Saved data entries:

-- Opening Marker --

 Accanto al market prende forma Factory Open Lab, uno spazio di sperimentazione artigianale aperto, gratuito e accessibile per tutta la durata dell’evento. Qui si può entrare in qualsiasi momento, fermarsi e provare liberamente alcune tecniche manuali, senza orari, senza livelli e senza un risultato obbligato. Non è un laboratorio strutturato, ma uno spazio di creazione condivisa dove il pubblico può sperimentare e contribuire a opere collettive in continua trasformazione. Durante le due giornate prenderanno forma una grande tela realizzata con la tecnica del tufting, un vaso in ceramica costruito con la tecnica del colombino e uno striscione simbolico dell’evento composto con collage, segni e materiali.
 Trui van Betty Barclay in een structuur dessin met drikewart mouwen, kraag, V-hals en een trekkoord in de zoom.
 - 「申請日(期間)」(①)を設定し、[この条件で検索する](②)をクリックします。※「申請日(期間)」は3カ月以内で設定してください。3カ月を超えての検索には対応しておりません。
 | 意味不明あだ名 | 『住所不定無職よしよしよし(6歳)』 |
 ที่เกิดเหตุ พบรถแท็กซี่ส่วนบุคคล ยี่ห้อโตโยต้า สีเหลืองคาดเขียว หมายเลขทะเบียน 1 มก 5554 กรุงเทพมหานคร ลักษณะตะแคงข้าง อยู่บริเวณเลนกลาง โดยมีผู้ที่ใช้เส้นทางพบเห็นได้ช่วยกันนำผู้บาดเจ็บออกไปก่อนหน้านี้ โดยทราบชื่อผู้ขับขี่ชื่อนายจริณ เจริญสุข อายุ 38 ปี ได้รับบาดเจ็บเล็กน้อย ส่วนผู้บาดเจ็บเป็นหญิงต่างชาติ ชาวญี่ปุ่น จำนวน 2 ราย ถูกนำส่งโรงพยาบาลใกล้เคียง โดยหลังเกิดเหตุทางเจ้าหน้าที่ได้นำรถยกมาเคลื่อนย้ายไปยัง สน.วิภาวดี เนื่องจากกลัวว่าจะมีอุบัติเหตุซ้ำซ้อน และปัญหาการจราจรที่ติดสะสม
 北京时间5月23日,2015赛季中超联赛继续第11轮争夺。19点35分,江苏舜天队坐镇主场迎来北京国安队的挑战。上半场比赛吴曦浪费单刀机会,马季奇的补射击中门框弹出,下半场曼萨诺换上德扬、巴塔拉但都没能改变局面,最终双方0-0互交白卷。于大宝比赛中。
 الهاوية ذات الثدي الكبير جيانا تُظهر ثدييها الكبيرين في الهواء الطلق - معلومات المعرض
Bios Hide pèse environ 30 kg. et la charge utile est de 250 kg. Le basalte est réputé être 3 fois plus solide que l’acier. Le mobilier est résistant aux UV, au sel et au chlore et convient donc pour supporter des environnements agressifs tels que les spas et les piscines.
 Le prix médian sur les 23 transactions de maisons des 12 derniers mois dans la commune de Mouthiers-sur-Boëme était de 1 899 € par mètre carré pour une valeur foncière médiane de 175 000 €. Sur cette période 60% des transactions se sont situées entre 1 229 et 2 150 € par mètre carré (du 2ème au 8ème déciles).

-- Closing Marker --

- Your goal -
Could you return all of the entries exactly as they stand?

- Answer section -
 Accanto al market prende forma Factory Open Lab, uno spazio di sperimentazione artigianale aperto, gratuito e accessibile per tutta la durata dell’evento. Qui si può entrare in qualsiasi momento, fermarsi e provare liberamente alcune tecniche manuali, senza orari, senza livelli e senza un risultato obbligato. Non è un laboratorio strutturato, ma uno spazio di creazione condivisa dove il pubblico può sperimentare e contribuire a opere collettive in continua trasformazione. Durante le due giornate prenderanno forma una grande tela realizzata con la tecnica del tufting, un vaso in ceramica costruito con la tecnica del colombino e uno striscione simbolico dell’evento composto con collage, segni e materiali.
 Trui van Betty Barclay in een structuur dessin met drikewart mouwen, kraag, V-hals en een trekkoord in de zoom.
 - 「申請日(期間)」(①)を設定し、[この条件で検索する](②)をクリックします。※「申請日(期間)」は3カ月以内で設定してください。3カ月を超えての検索には対応しておりません。
 | 意味不明あだ名 | 『住所不定無職よしよしよし(6歳)』 |
 ที่เกิดเหตุ พบรถแท็กซี่ส่วนบุคคล ยี่ห้อโตโยต้า สีเหลืองคาดเขียว หมายเลขทะเบียน 1 มก 5554 กรุงเทพมหานคร ลักษณะตะแคงข้าง อยู่บริเวณเลนกลาง โดยมีผู้ที่ใช้เส้นทางพบเห็นได้ช่วยกันนำผู้บาดเจ็บออกไปก่อนหน้านี้ โดยทราบชื่อผู้ขับขี่ชื่อนายจริณ เจริญสุข อายุ 38 ปี ได้รับบาดเจ็บเล็กน้อย ส่วนผู้บาดเจ็บเป็นหญิงต่างชาติ ชาวญี่ปุ่น จำนวน 2 ราย ถูกนำส่งโรงพยาบาลใกล้เคียง โดยหลังเกิดเหตุทางเจ้าหน้าที่ได้นำรถยกมาเคลื่อนย้ายไปยัง สน.วิภาวดี เนื่องจากกลัวว่าจะมีอุบัติเหตุซ้ำซ้อน และปัญหาการจราจรที่ติดสะสม
 北京时间5月23日,2015赛季中超联赛继续第11轮争夺。19点35分,江苏舜天队坐镇主场迎来北京国安队的挑战。上半场比赛吴曦浪费单刀机会,马季奇的补射击中门框弹出,下半场曼萨诺换上德扬、巴塔拉但都没能改变局面,最终双方0-0互交白卷。于大宝比赛中。
 الهاوية ذات الثدي الكبير جيانا تُظهر ثدييها الكبيرين في الهواء الطلق - معلومات المعرض
Bios Hide pèse environ 30 kg. et la charge utile est de 250 kg. Le basalte est réputé être 3 fois plus solide que l’acier. Le mobilier est résistant aux UV, au sel et au chlore et convient donc pour supporter des environnements agressifs tels que les spas et les piscines.
 Le prix médian sur les 23 transactions de maisons des 12 derniers mois dans la commune de Mouthiers-sur-Boëme était de 1 899 € par mètre carré pour une valeur foncière médiane de 175 000 €. Sur cette période 60% des transactions se sont situées entre 1 229 et 2 150 € par mètre carré (du 2ème au 8ème déciles).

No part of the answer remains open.